Trita Parsi, MSNBC, le 4/10/2022
Traduit par Fausto Giudice,
Tlaxcala
Les manifestations en Iran se poursuivent, mais aucun·e dirigeant·e du mouvement n'est apparu·e clairement
Les Iranien·nes continuent d'exprimer leur indignation suite à la mort de Mahsa Amini, 22 ans, à la mi-septembre, après que la « police des mœurs » iranienne l'a arrêtée pour avoir prétendument violé le code vestimentaire islamique strictement appliqué dans le pays. Photo MSNBC / ZUMA Press
Après des mois de manifestations et de grèves sans
cesse croissantes ciblant son régime despotique, le Shah d'Iran a
désespérément tenté d'apaiser les masses dans une allocution télévisée
du 6 novembre 1978. « J'ai entendu la voix de votre révolution », a dit
le shah, reconnaissait les erreurs passées et promettant de modifier sa
conduite. Mais plutôt que de sauver son règne, ce fut le moment, selon
le récit des révolutionnaires, où le shah scella sa propre destitution.
[la même chose est arrivée en Tunisie avec Ben Ali et son « Je vous ai
compris » du 13 janvier 2011, NdT].
Ce que le shah a fait en 1978
est ce que les dirigeants de la République islamique d'Iran refusent de
faire aujourd'hui alors que les Iraniens continuent d'exprimer leur
indignation face à la mort de Mahsa Amini, 22 ans, dans un hôpital
quelques jours après son interpellation par la “police des mœurs”
iranienne pour avoir prétendument violé le code vestimentaire islamique
strictement appliqué dans le pays. Parce qu'ils pensent que la tentative
du shah de rencontrer les manifestants à mi-chemin était son erreur la
plus décisive, les dirigeants intransigeants de Téhéran ont gouverné
pendant plus de 40 ans avec la maxime de ne jamais céder d’un pouce —
de peur que tout le régime révolutionnaire ne tombe.
L'Iran,
selon Amnesty International, a plutôt choisi de battre, d'arrêter et
même de tuer les jeunes femmes et hommes iraniens qui ont osé demander
justice. Mais plutôt que d'être réduits au silence, les manifestants ont
détourné leurs slogans de la simple fin du hijab obligatoire vers la
fin de la République islamique dans son ensemble — précisément parce que
le régime ne cède jamais un centimètre lorsque le peuple réclame ses
droits et sa dignité. Le slogan « Zan, zendaghi, azadi » ("Femme, vie,
liberté") est lui-même l’expression d’une vision brillante et positive
pour l'Iran sans règle cléricale, par rapport au négatif “A bas le
dictateur”, un slogan utilisé contre le shah en 1979 et plus tard contre
les dirigeants cléricaux.
C'est là que réside l'ironie des
leçons que les dirigeants actuels de l'Iran ont tirées de la “mollesse”

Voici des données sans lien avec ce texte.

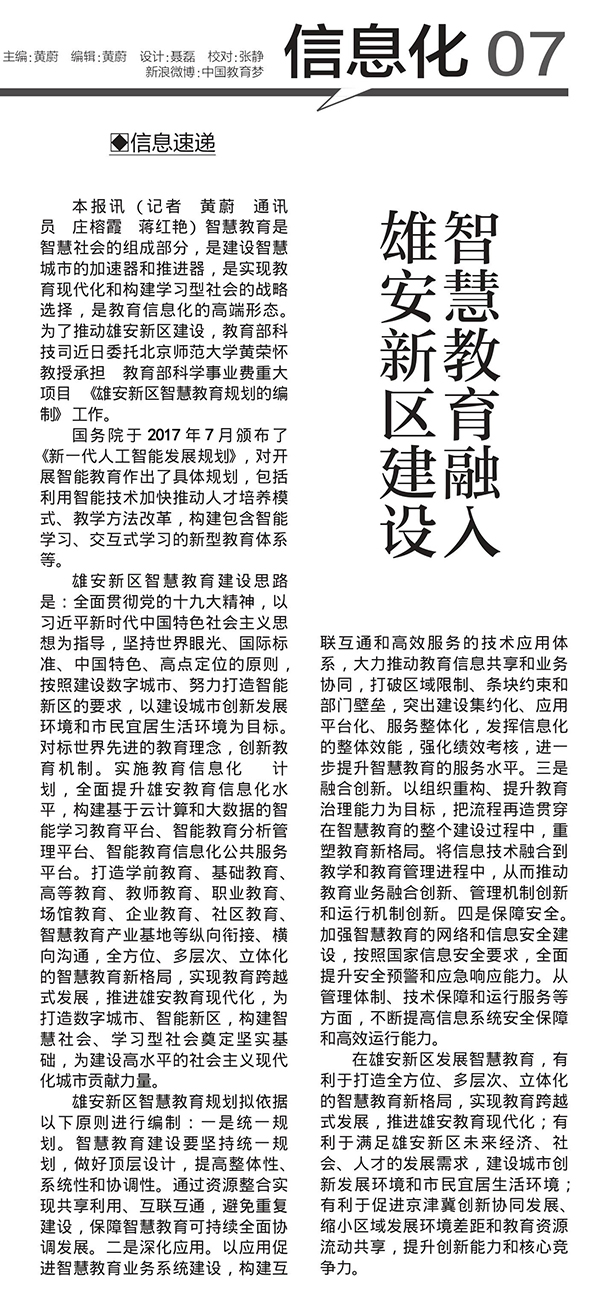 智慧教育是智慧社会的组成部分,是建设智慧城市的加速器和推进器,是实现教育现代化和构建学习型社会的战略选择,是教育信息化的高端形态。为了推动雄安新区建设,教育部科技司近日委托北京师范大学黄荣怀教授承担“教育部科学事业费重大项目”《雄安新区智慧教育规划的编制》工作。

du shah : en bloquant les réformes, en réduisant le spectre politique de
l'Iran et en emprisonnant les dissidents, la République islamique a
fait en sorte que les Iraniens ne croient plus en la réforme et soient
amenés à conclure qu'ils n'avaient pas d'autre choix que de demander
beaucoup plus : la fin du régime clérical.